THE DATA
------------------------------------------------

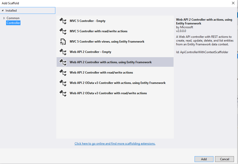 In Solution Explorer, right-click the Controllers folder. Select Add, then Controller.
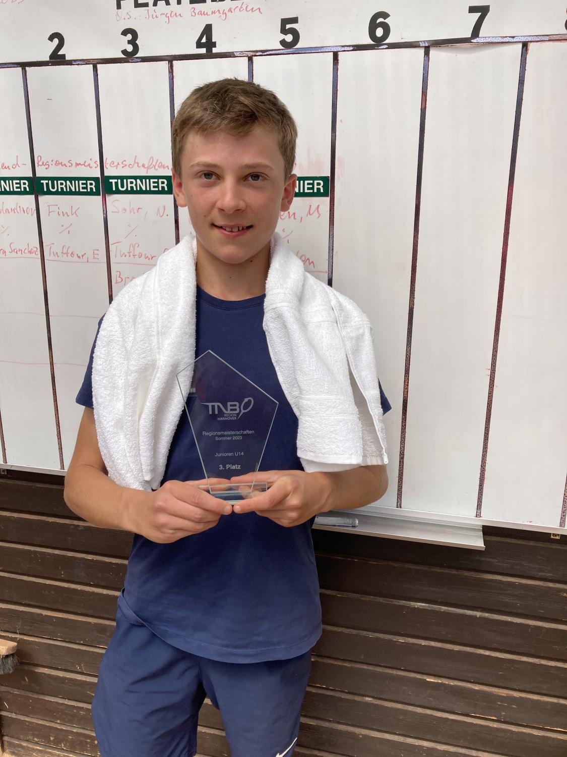 Bastian Fink vom TC RW Barsinghausen wird Dritter der Regionsmeisterschaften 2023.
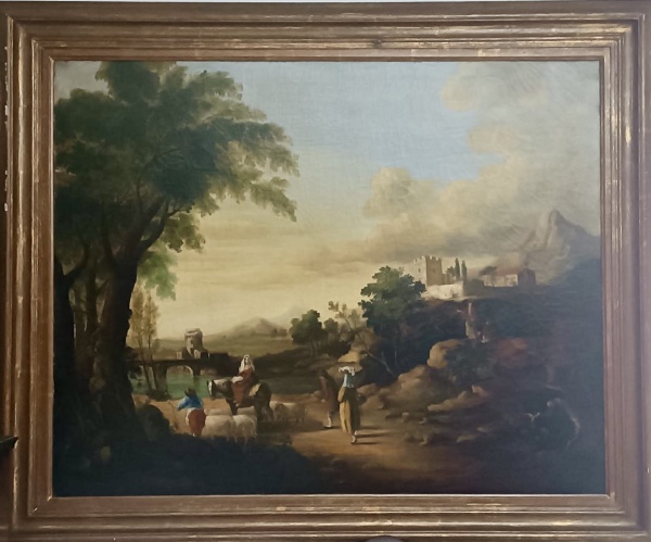 • JAN PETRUS SENTS - escola holandesa - atribuído. Maravilhosa obra óleo sobre tela com cena de campo. Medidas aprox. 94 x 118 cm e com moldura 118 x 144 cm.
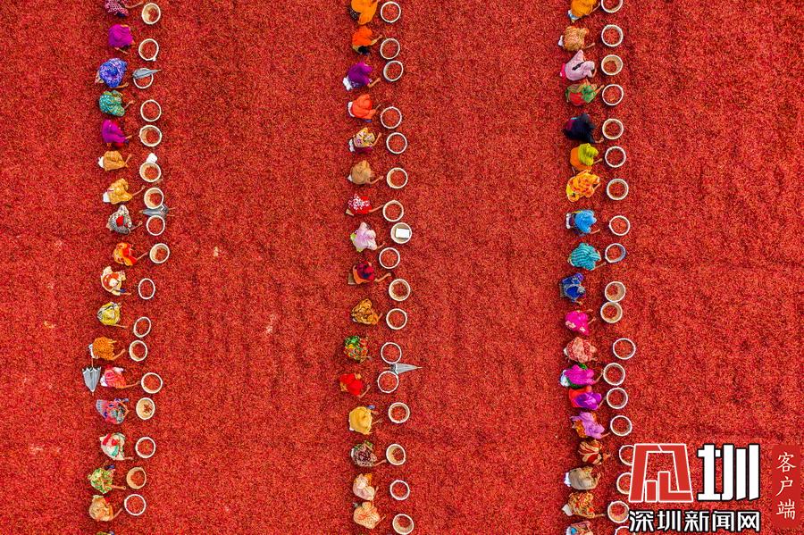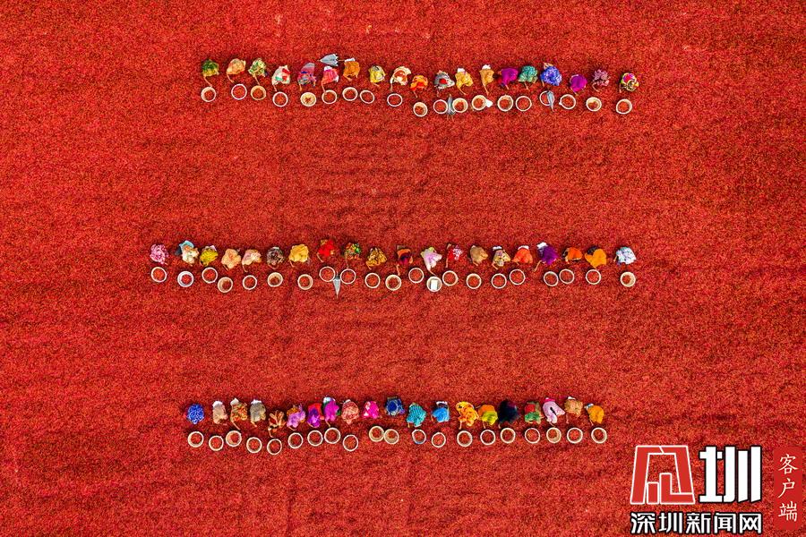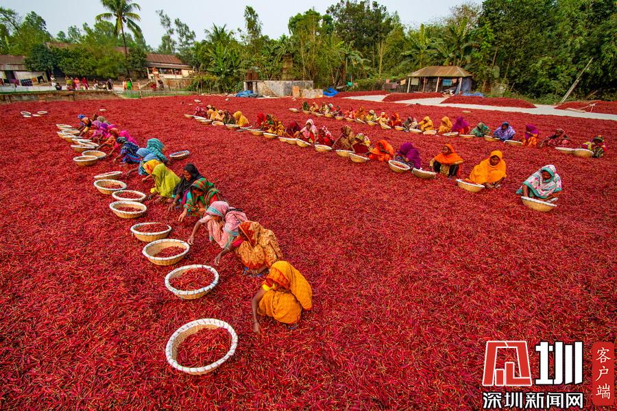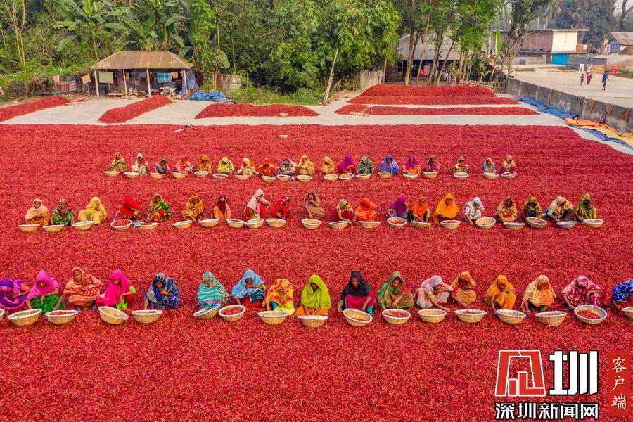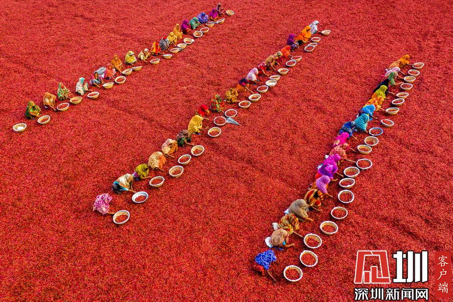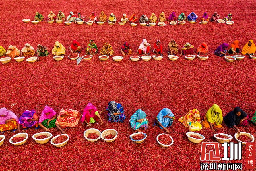 孟加拉國(guó)伯格拉,航拍穿著五顏六色衣服的工人們排列整齊的分揀辣椒。

------------------------------------------------

BRIEF
Write out exactly the lines from the line that contains "Bastian Fink vom" through the end of the material, including both ends. No pictures belong in the copy.

EXPECTED OUTPUT
 Bastian Fink vom TC RW Barsinghausen wird Dritter der Regionsmeisterschaften 2023.
 • JAN PETRUS SENTS - escola holandesa - atribuído. Maravilhosa obra óleo sobre tela com cena de campo. Medidas aprox. 94 x 118 cm e com moldura 118 x 144 cm.
 孟加拉國(guó)伯格拉,航拍穿著五顏六色衣服的工人們排列整齊的分揀辣椒。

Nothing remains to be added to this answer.